Problem requirements
Retype the material that follows exactly, limited to the lines from the one with "給社區(qū)居民科普了降溫" through the one with "Plage de sable", and keep out all pictures.
===== Exercise materials
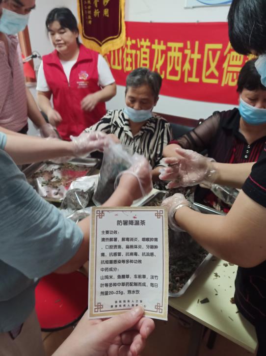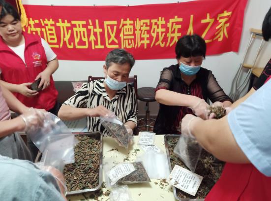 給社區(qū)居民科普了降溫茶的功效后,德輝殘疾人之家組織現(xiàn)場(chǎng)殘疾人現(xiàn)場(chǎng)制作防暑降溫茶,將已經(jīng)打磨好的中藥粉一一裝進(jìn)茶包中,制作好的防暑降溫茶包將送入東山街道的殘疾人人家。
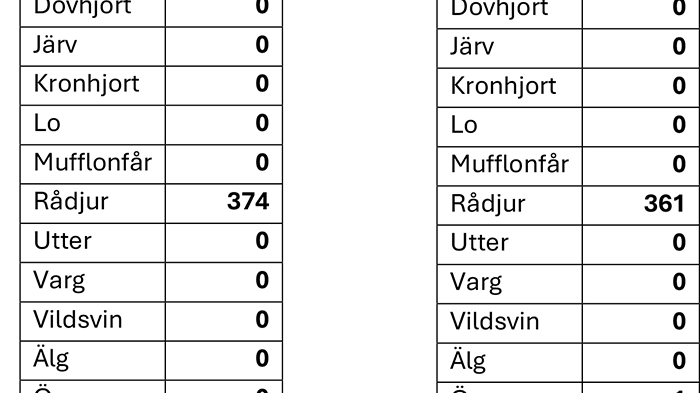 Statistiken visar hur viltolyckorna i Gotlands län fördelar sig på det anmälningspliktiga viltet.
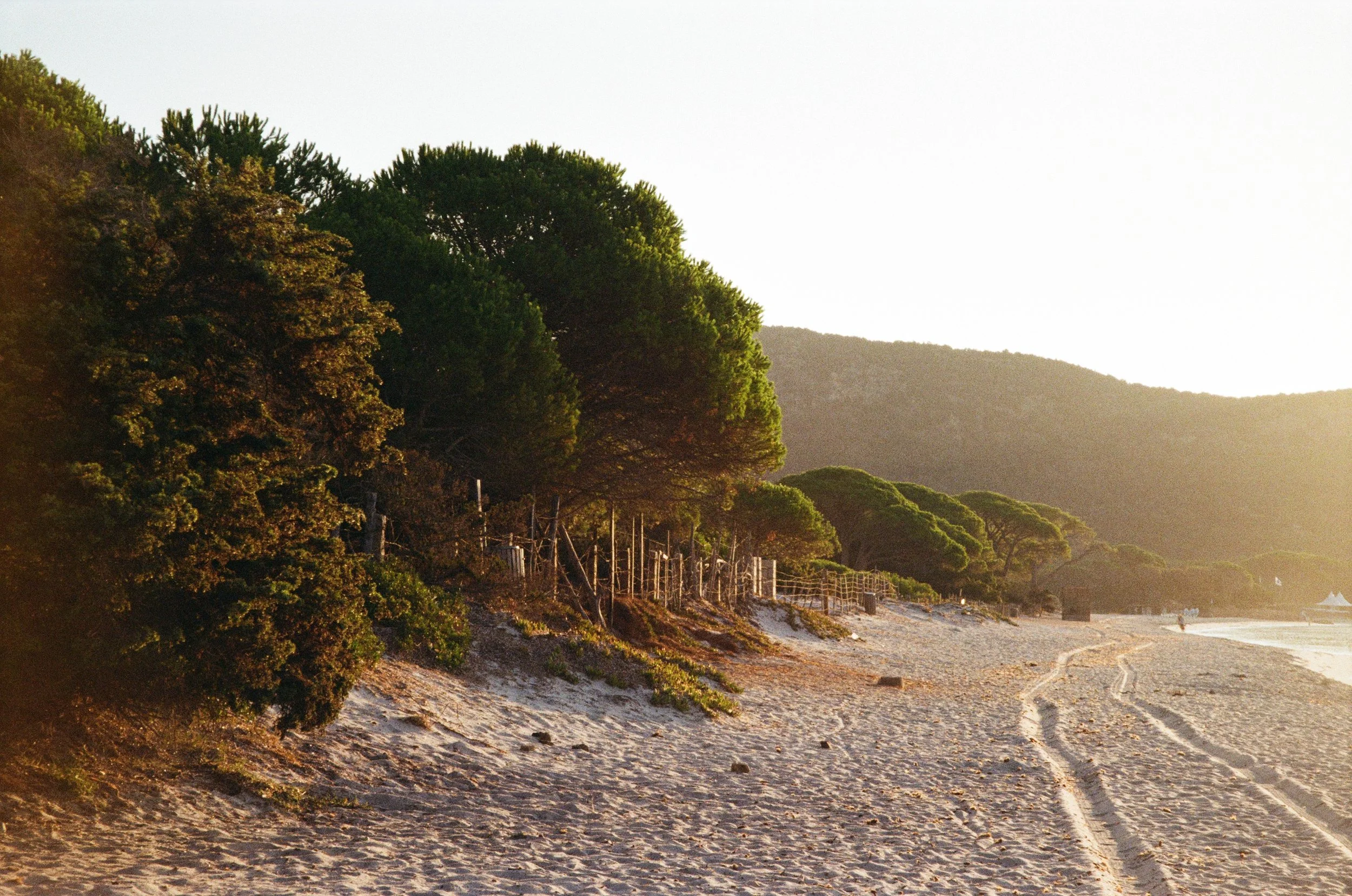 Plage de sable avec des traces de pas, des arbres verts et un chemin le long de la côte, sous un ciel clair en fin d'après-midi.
==========
===== Exercise materials
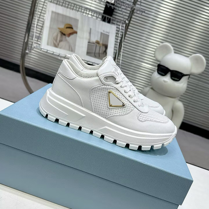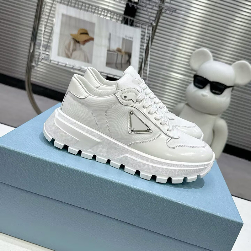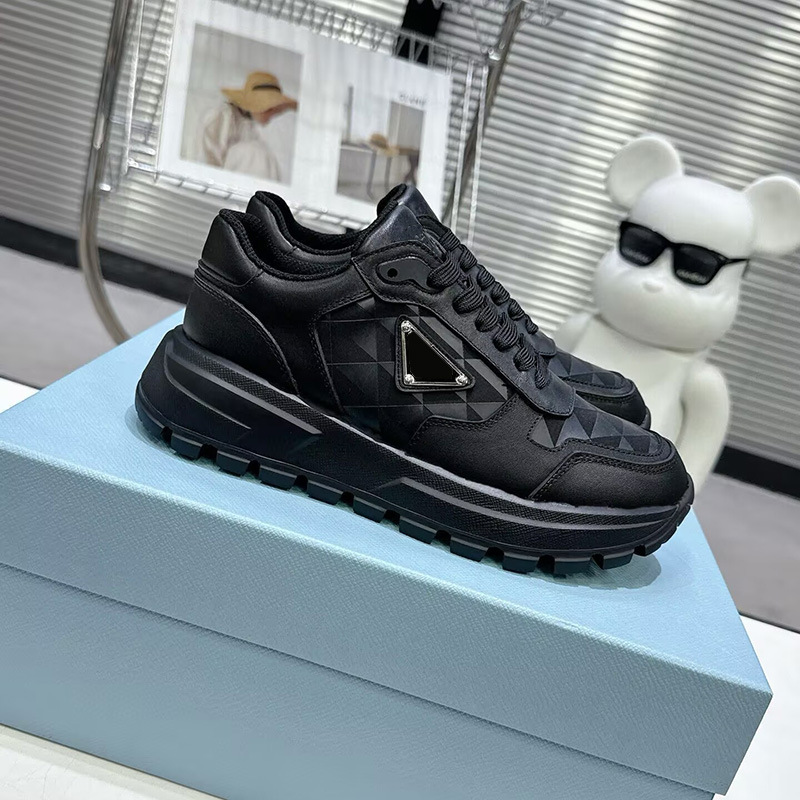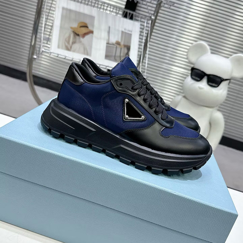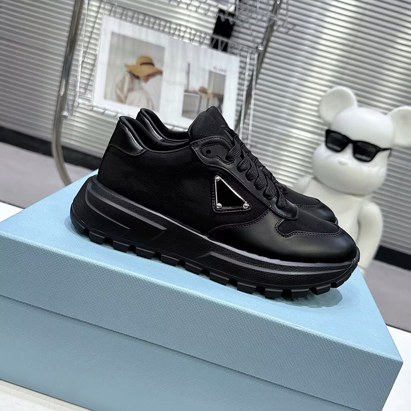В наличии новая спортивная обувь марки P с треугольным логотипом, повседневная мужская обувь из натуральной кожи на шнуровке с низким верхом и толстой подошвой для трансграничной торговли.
==========
===== Exercise materials
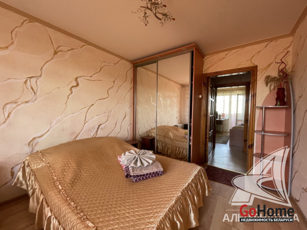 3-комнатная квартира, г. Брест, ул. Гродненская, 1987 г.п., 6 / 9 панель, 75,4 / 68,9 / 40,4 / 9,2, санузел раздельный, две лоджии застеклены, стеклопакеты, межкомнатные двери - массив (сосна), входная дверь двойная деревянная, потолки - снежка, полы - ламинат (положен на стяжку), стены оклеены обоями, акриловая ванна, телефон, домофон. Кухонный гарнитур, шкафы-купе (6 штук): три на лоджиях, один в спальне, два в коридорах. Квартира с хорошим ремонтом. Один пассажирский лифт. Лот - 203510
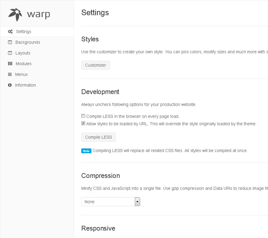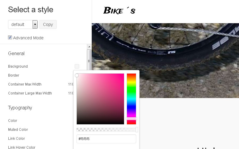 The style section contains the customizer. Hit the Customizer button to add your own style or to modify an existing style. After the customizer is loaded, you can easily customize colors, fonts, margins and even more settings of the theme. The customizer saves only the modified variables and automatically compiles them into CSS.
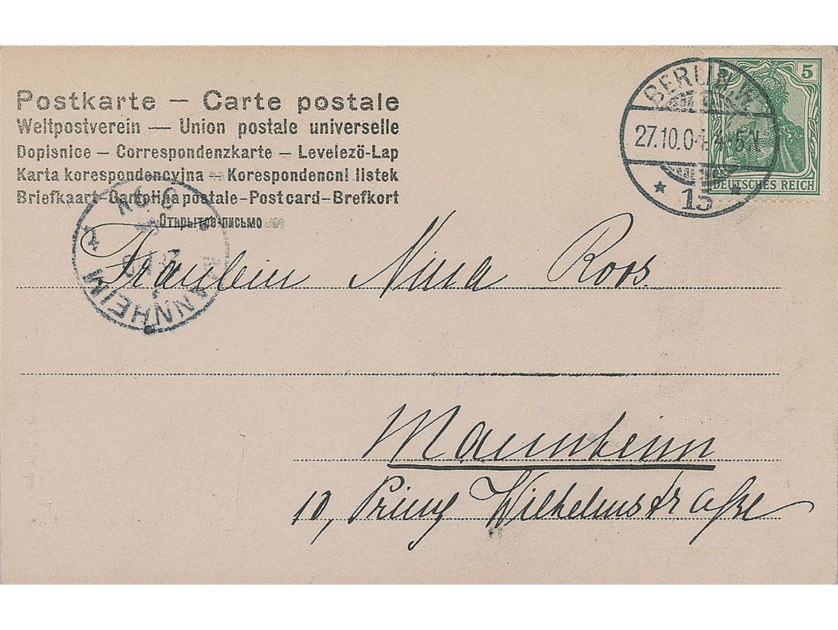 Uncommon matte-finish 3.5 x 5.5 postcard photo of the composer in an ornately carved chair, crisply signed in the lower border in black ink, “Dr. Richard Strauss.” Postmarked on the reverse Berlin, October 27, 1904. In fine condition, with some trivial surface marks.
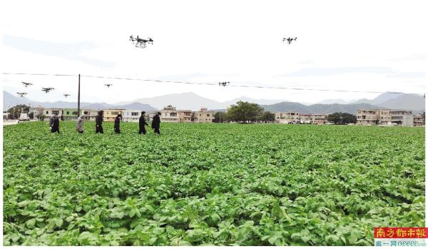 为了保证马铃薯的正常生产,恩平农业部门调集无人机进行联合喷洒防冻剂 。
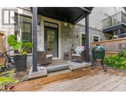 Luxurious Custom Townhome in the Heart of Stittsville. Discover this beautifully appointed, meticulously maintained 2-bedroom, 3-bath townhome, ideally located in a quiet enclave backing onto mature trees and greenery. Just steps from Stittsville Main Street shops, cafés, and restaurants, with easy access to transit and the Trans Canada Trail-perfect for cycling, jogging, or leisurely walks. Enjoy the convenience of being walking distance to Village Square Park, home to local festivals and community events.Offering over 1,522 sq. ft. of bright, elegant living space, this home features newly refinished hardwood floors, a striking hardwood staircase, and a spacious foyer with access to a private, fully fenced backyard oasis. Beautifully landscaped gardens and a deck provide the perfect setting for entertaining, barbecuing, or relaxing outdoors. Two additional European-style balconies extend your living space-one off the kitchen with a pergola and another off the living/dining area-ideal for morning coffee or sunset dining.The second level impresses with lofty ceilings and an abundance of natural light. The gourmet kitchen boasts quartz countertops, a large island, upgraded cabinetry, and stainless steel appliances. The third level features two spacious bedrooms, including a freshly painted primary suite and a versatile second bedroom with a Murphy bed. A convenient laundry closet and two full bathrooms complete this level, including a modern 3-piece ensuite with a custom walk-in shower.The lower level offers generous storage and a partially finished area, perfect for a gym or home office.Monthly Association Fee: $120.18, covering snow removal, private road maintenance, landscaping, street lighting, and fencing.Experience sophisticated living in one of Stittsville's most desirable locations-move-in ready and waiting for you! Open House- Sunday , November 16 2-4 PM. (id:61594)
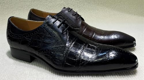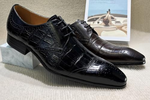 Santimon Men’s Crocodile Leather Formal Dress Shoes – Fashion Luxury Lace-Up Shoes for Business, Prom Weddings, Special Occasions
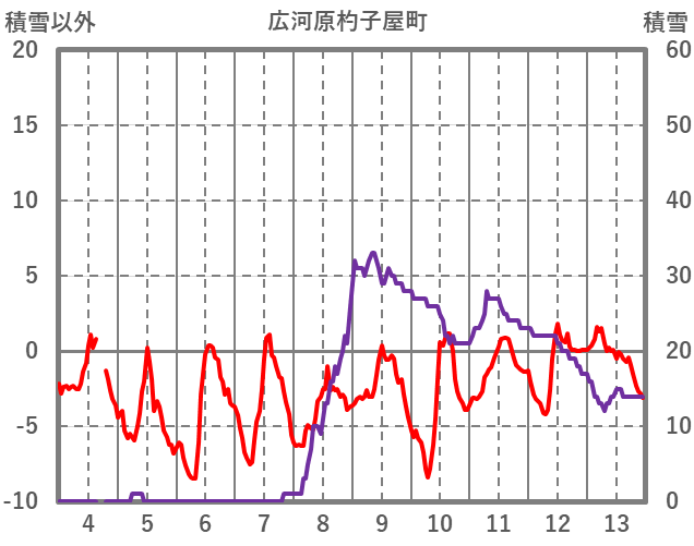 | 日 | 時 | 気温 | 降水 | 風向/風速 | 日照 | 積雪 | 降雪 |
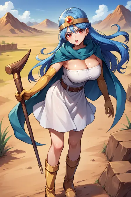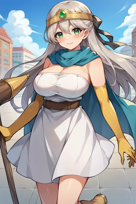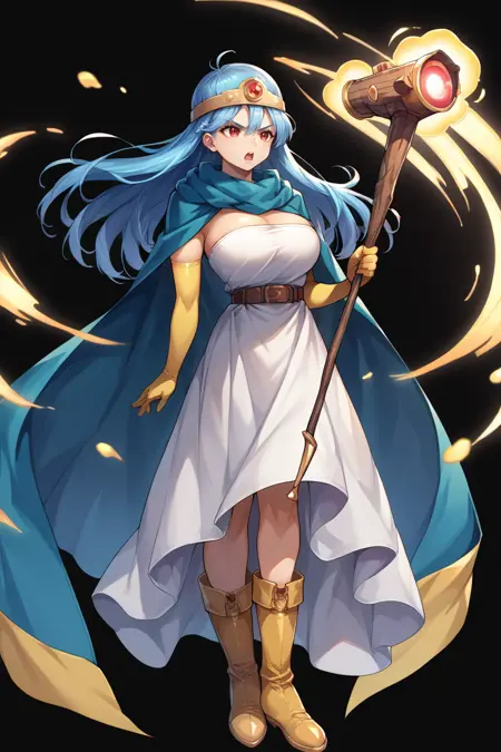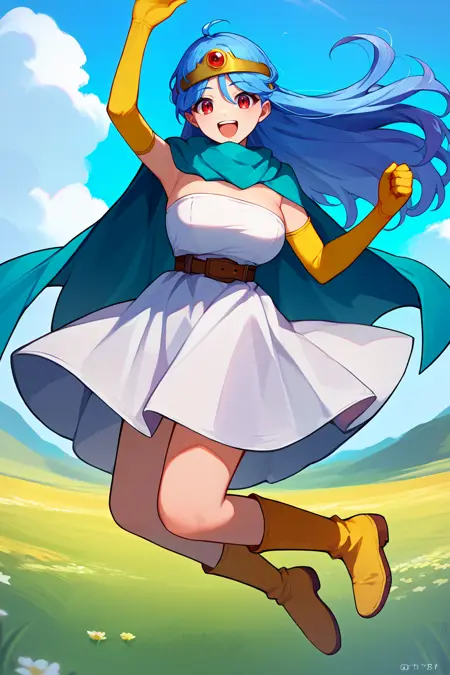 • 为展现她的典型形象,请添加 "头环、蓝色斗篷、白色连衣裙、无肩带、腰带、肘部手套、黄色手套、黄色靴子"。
==========
Result of this task
 給社區(qū)居民科普了降溫茶的功效后,德輝殘疾人之家組織現(xiàn)場(chǎng)殘疾人現(xiàn)場(chǎng)制作防暑降溫茶,將已經(jīng)打磨好的中藥粉一一裝進(jìn)茶包中,制作好的防暑降溫茶包將送入東山街道的殘疾人人家。
 Statistiken visar hur viltolyckorna i Gotlands län fördelar sig på det anmälningspliktiga viltet.
 Plage de sable avec des traces de pas, des arbres verts et un chemin le long de la côte, sous un ciel clair en fin d'après-midi.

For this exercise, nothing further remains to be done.